3. En second lieu, il résulte de ce qui a été dit au point 2 que Mme A ne remplit pas les conditions prévues pour se voir délivrer un titre de séjour sur le fondement de l'article L. 423-23 du code de l'entrée et du séjour des étrangers et du droit d'asile. Par ailleurs, elle n'a pas demandé le bénéfice de l'article L. 435-1 du code de l'entrée et du séjour des étrangers et du droit d'asile et, contrairement à ce qu'elle soutient, sa longue durée de présence n'imposait pas à l'autorité administrative d'examiner d'office cette possibilité légale de régularisation. Le préfet n'était donc pas tenu de saisir la commission du titre de séjour avant de rejeter sa demande. Par suite, le moyen tiré du vice de procédure doit être écarté.
Sur la décision portant l'obligation de quitter le territoire français :
4. En premier lieu, aux termes de l'article L. 611-1 du code de l'entrée et du séjour des étrangers et du droit d'asile : " L'autorité administrative peut obliger un étranger à quitter le territoire français lorsqu'il se trouve dans les cas suivants : / () 3° L'étranger s'est vu refuser la délivrance d'un titre de séjour, le renouvellement du titre de séjour, du document provisoire délivré à l'occasion d'une demande de titre de séjour ou de l'autorisation provisoire de séjour qui lui avait été délivré ou s'est vu retirer un de ces documents ; () " Aux termes de l'article L. 613-1 de ce code : " La décision portant obligation de quitter le territoire français est motivée. / Dans le cas prévu au 3° de l'article L. 611-1, la décision portant obligation de quitter le territoire français n'a pas à faire l'objet d'une motivation distincte de celle de la décision relative au séjour. () "
5. La décision énonçant l'obligation de quitter le territoire français de Mme A a été prise concomitamment à celle refusant de lui délivrer un titre de séjour. Cette dernière, qui comporte les considérations de fait et de droit qui en constituent le fondement, étant suffisamment motivée, le moyen tiré de l'insuffisance de motivation de la décision portant obligation de quitter le territoire français doit être écarté.
6. En deuxième lieu, il résulte des points 2 et 3 que le moyen tiré de ce que la décision portant obligation de quitter le territoire français repose sur un refus de titre de séjour illégal doit être écarté.
7. En dernier lieu, pour les mêmes motifs exposés au point 2, le moyen tiré de la méconnaissance des stipulations de l'article 8 de la convention de sauvegarde des droits de l'homme et des libertés fondamentales doit être écarté.

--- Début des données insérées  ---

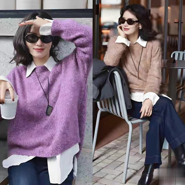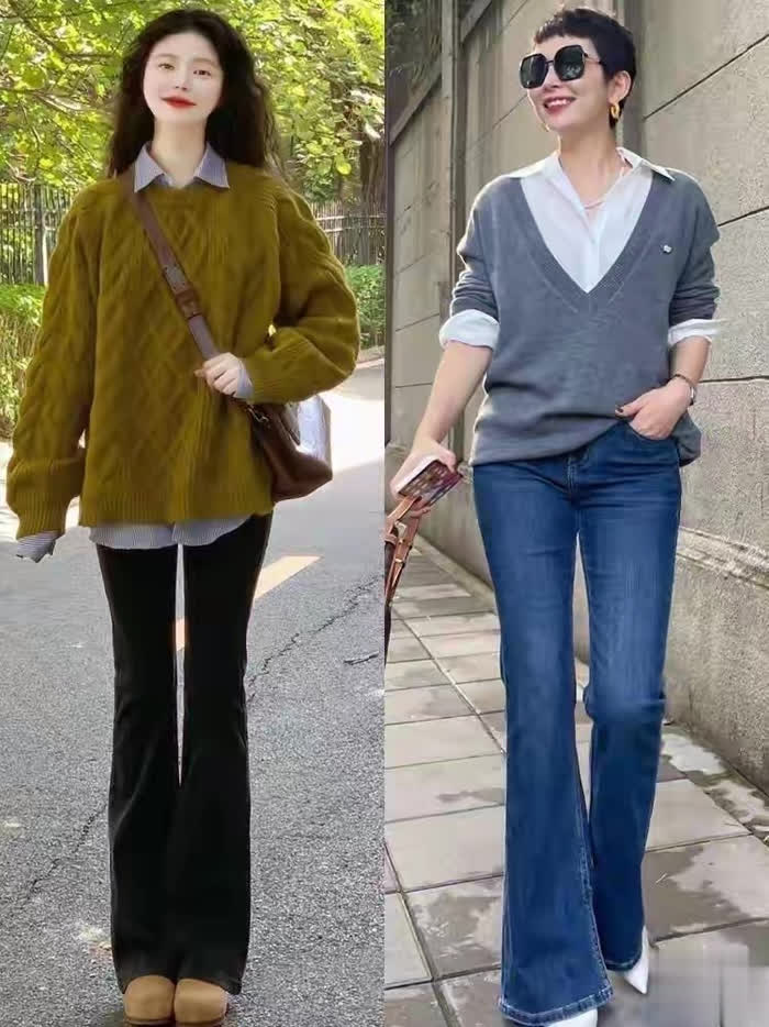 疊穿技巧不分年齡,就算是四五十歲的中年女性,選擇一件大V領的灰色針織上衣疊加白色襯衫和一條藍色的牛仔微喇叭褲,腳上穿了一雙白色的尖頭高跟單鞋,給人的感覺也是顯得非常的時尚,所以說襯衫不光可以單穿,用疊穿也是很不錯的。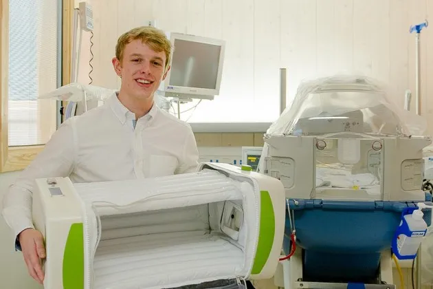 詹姆斯·罗伯茨与他的MOM充气保温箱感谢戴森根据世界卫生组织的数据,超过一百万名婴儿因早产并发症而死亡,包括低体温。四分之三的这些死亡可以通过简单的干预措施避免,而詹姆斯·戴森选择了一个用于难民营的充气保温箱作为他国际设计竞赛的获胜作品。发明者詹姆斯·罗伯茨希望他能使他的充气设备,即MOM,变得足够经济,以便在最需要这种技术的发展中国家使用。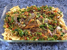 روى ماهى را با سيب زمينى و سبزيجات كه از قبل آماده كرديد تزيين كنيد و دوباره به مدت 5 دقيقه ديگر در فر بگذاريد.

Il en va de même, pour les mêmes motifs, du moyen tiré de l'erreur manifeste d'appréciation quant aux conséquences de la décision attaquée sur la situation personnelle de Mme A.
Sur la décision fixant le pays de renvoi :
8. Compte tenu de ce qui précède, le moyen tiré de l'illégalité de la décision en litige par exception d'illégalité de la décision portant obligation de quitter le territoire français, doit être écarté.
Sur la décision portant interdiction de retour sur le territoire français :
9. Aux termes de l'article L. 612-8 du code de l'entrée et du séjour des étrangers et du droit d'asile : " Lorsque l'étranger n'est pas dans une situation mentionnée aux articles L. 612-6 et L. 612-7, l'autorité administrative peut assortir la décision portant obligation de quitter le territoire français d'une interdiction de retour sur le territoire français. / Les effets de cette interdiction cessent à l'expiration d'une durée, fixée par l'autorité administrative, qui ne peut excéder deux ans à compter de l'exécution de l'obligation de quitter le territoire français. " Aux termes de l'article L. 612-10 du même code : " Pour fixer la durée des interdictions de retour mentionnées aux articles L. 612-6 et L. 612-7, l'autorité administrative tient compte de la durée de présence de l'étranger sur le territoire français, de la nature et de l'ancienneté de ses liens avec la France, de la circonstance qu'il a déjà fait l'objet ou non d'une mesure d'éloignement et de la menace pour l'ordre public que représente sa présence sur le territoire français. / Il en est de même pour l'édiction et la durée de l'interdiction de retour mentionnée à l'article L. 612-8 () "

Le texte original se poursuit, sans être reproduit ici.